Security Response Readiness Assessment
Published: April 22, 2013
Author: David Seidman, Senior Security Program Manager, MSRC Software Security Incident Response
Microsoft Security Response Readiness Assessment is a new free tool to help your organization determine the effectiveness of your software security response processes and identify improvements to take your response capability to the next level. It covers the complete lifecycle of software security response, from preparing for and detecting an issue through remediating it and preventing it from happening again, and it covers both urgent incidents and cooperatively disclosed vulnerabilities. This assessment is focused on organizations that produce software of any kind, including internal applications. The goal is to help you understand your ability to handle a security vulnerability in that software and to improve that ability. We’ve based the information in the assessment on the experience and practices of the Microsoft Security Response Center.
The first step in taking the assessment is to answer 17 simple questions about your organization’s current capabilities. These questions ask things like “What best describes the level of security training your organization performs?” and “What best describes your organization’s ability to conduct an emergency response?”. Each question addresses a different area. Each has four options, ranging from the least developed to most developed capability. Don’t feel bad if you aren’t able to give yourself the top rating: it would be a waste of resources for every developer to have the same level of investment as a huge software company like Microsoft – not to mention unlikely!
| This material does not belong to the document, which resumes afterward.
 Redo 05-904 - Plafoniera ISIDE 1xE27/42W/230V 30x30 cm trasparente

After answering the assessment questions, enter your company name, industry and country. Your company name will only be used to store your report for you to access in the future and will not be shared with anyone. Your industry and country will be used to show you how your peers are doing, and Microsoft will also use this data at the aggregate level to determine if a particular industry or country could use a little extra help.
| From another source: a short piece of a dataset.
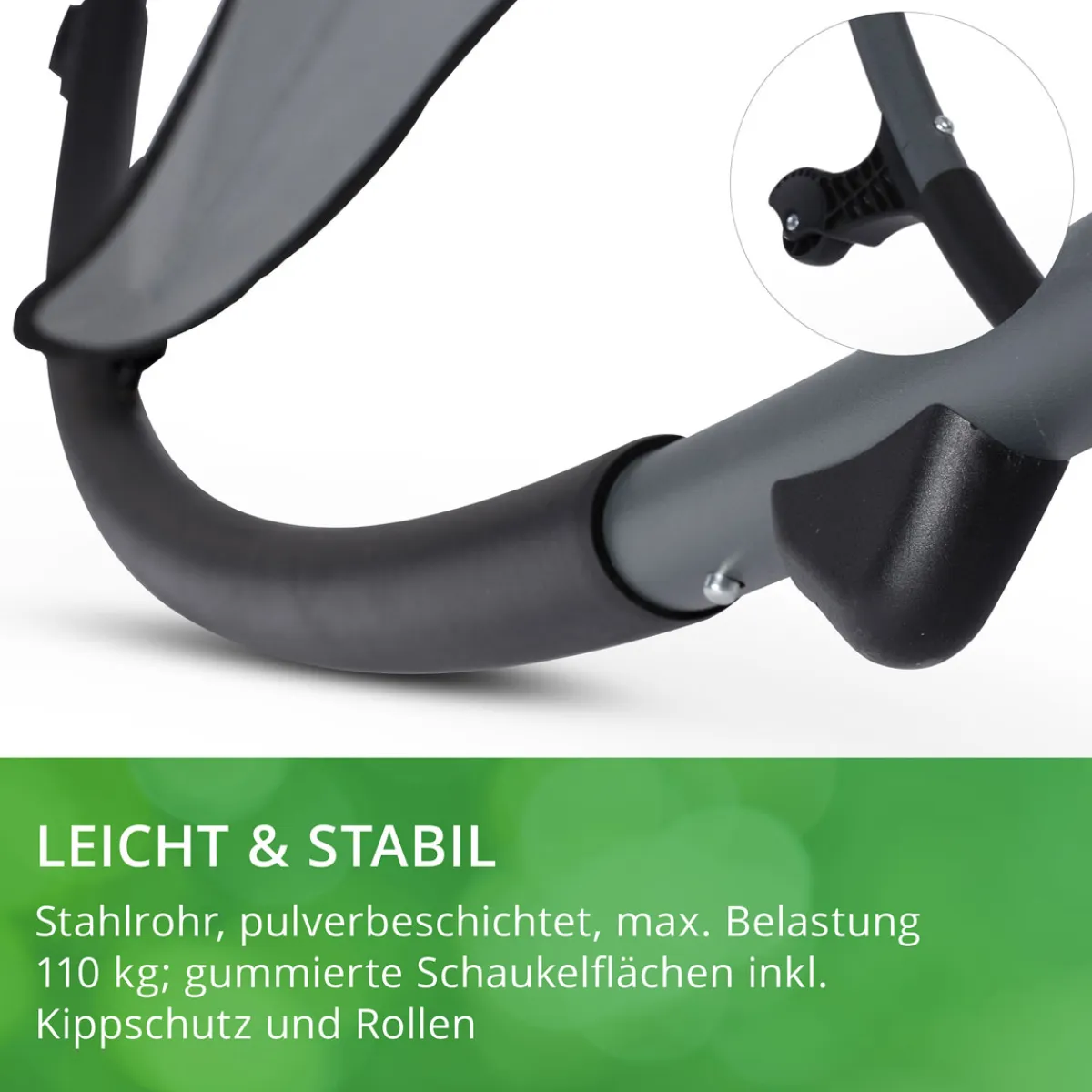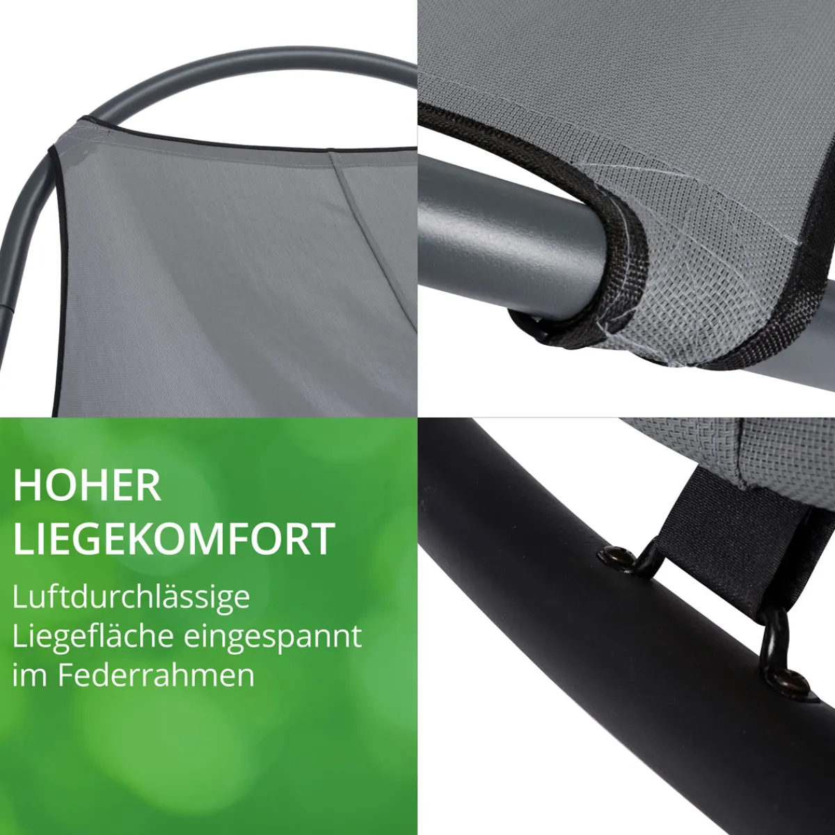 Genießen Sie den Komfort dieser trendigen Kombination aus Hängematte und Schaukel-Liege. Die eingehängte Liegefläche ist durch die Kunststoffgewebe-Bespannung im Federrahmen besonders bequem. Leichte Schaukelbewegungen des Rundrohrrahmens sorgen für maximale Entspannung. Die einfache, platzsparende Konstruktion und schnelle Montage machen die Outdoor-Liege zum flexiblen Begleiter – egal ob zuhause oder auf dem Campingplatz.

After you click Next, you’ll see a full report on your capabilities. The top of the screen shows you where you are today, and the bottom provides resources to improve your capabilities.
At the top right, you’ll see your results: an assessment of your overall level of capability, broken down into the areas of “Security” and “Engineering Capabilities”. “Security” measures your ability to manage technical aspects of computer security, while “Engineering Capabilities” measures other capabilities that are not specific to security but that impact your ability to respond to security issues. In addition to the assessment, concrete action items are provided that your organization can take to move to the next level. For example, an organization at the “Basic” level of capability might be told to “Secure executive support for an ongoing response program.” At the top left, you’ll see an assessment of your overall maturity, with a comparison to peers in your industry and geography.
In the bottom left you’ll find information about the transition your organization will take as it moves to a higher level of capability. This will give you a basic idea of what to expect. Just to the right, you’ll see a link to Create Custom Report. This report will provide a nice, presentation-friendly view of your assessment results. We’ve also included on this page links to a few other resources we think every IT administrator needs to know about, such as how to mitigate Pass-the-Hash attacks.
We hope that you find this tool useful!